Install Bodo to get started (e.g., pip install bodo or conda install bodo -c bodo.ai -c conda-forge). Additionally, install bodosql with pip or conda:

pip install bodosql

conda install -c bodo.ai -c conda-forge bodosql

Generate Sample Data¶

Let's start by creating a Parquet file with some sample data. The following Python code creates a Parquet file with two columns A and B and 20 million rows. The column A contains values from 0 to 29, and the column B contains values from 0 to 19,999,999.

import pandas as pd
import numpy as np
import bodo
import bodosql
import time

NUM_GROUPS = 30
NUM_ROWS = 20_000_000
df = pd.DataFrame({
    "A": np.arange(NUM_ROWS) % NUM_GROUPS,
    "B": np.arange(NUM_ROWS)
})
df.to_parquet("my_data.pq")

Create a local in-memory SQL Table¶

Now let's create a local in-memory SQL table from the Parquet file. We can use the TablePATH API to register the table into our BodoSQLContext.

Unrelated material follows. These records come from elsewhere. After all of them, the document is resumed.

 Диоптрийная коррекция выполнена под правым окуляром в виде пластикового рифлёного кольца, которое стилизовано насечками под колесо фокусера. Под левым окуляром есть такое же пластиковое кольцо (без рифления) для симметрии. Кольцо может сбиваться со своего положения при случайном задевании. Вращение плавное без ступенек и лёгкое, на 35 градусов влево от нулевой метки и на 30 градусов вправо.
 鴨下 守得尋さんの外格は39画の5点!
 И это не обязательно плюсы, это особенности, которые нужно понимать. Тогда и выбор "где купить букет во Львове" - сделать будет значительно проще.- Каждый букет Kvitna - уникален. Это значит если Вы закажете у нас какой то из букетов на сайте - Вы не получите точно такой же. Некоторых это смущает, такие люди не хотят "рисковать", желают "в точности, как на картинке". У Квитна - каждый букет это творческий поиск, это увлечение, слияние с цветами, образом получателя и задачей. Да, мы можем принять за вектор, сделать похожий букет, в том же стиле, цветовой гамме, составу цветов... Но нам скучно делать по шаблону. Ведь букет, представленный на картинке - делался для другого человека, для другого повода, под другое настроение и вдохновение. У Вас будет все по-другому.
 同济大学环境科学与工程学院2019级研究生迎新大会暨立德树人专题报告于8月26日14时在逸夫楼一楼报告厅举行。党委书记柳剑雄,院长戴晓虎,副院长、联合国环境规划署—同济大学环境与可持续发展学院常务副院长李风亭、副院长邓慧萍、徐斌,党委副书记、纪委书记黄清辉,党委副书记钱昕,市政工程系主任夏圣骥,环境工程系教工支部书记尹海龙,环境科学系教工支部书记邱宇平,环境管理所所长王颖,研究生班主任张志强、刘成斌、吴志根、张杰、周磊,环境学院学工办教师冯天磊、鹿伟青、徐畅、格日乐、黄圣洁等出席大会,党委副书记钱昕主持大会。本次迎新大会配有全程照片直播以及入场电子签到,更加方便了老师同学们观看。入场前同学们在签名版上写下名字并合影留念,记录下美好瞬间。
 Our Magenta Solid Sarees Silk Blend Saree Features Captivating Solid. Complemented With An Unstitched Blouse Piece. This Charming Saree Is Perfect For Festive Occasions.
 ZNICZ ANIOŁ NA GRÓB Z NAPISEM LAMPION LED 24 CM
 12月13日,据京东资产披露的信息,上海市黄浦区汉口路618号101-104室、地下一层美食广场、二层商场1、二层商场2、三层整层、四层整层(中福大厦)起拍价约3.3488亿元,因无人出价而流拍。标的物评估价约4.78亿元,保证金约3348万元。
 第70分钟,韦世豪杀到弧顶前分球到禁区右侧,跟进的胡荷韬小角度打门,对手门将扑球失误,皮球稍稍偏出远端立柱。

bc = bodosql.BodoSQLContext(
    {
        "TABLE1": bodosql.TablePath("my_data.pq", "parquet")
    }
)

Write a SQL Query¶

Now we can write a SQL query to compute the sum of column A for all rows where B is greater than 4. We encapsulate the statement within a @bodo.jit decorated function to indicate that we want to compile the code using Bodo. Let's also add a timer to measure the execution time.

@bodo.jit(cache=True)
def query(bc):
    t1 = time.time()
    df1 = bc.sql("SELECT SUM(A) as SUM_OF_COLUMN_A FROM TABLE1 WHERE B > 4")
    print("Execution time:", time.time() - t1)
    return df1

result = query(bc)
print(result)

Running your code¶

Bringing it all together, the complete code looks like this:

import pandas as pd
import numpy as np
import bodo
import bodosql
import time

NUM_GROUPS = 30
NUM_ROWS = 20_000_000

df = pd.DataFrame({
    "A": np.arange(NUM_ROWS) % NUM_GROUPS,
    "B": np.arange(NUM_ROWS)
})

df.to_parquet("my_data.pq")

bc = bodosql.BodoSQLContext(
    {
        "TABLE1": bodosql.TablePath("my_data.pq", "parquet")
    }
)

@bodo.jit(cache=True)
def query(bc):
    t1 = time.time()
    df1 = bc.sql("SELECT SUM(A) as SUM_OF_COLUMN_A FROM TABLE1 WHERE B > 4")
    print("Execution time:", time.time() - t1)
    return df1

result = query(bc)
print(result)

To run the code, save it to a file, e.g. test_bodo_sql.py, and run the following command in your terminal:

python test_bodo_sql.py

By default Bodo will use all available cores. To set a limit on the number of processes spawned, set the environment variable BODO_NUM_WORKERS. Note that the first time you run this code, it may take a few seconds to compile the code. Next time you run the code, it will execute much faster. Check the SQL API Reference for the full list of supported SQL operations.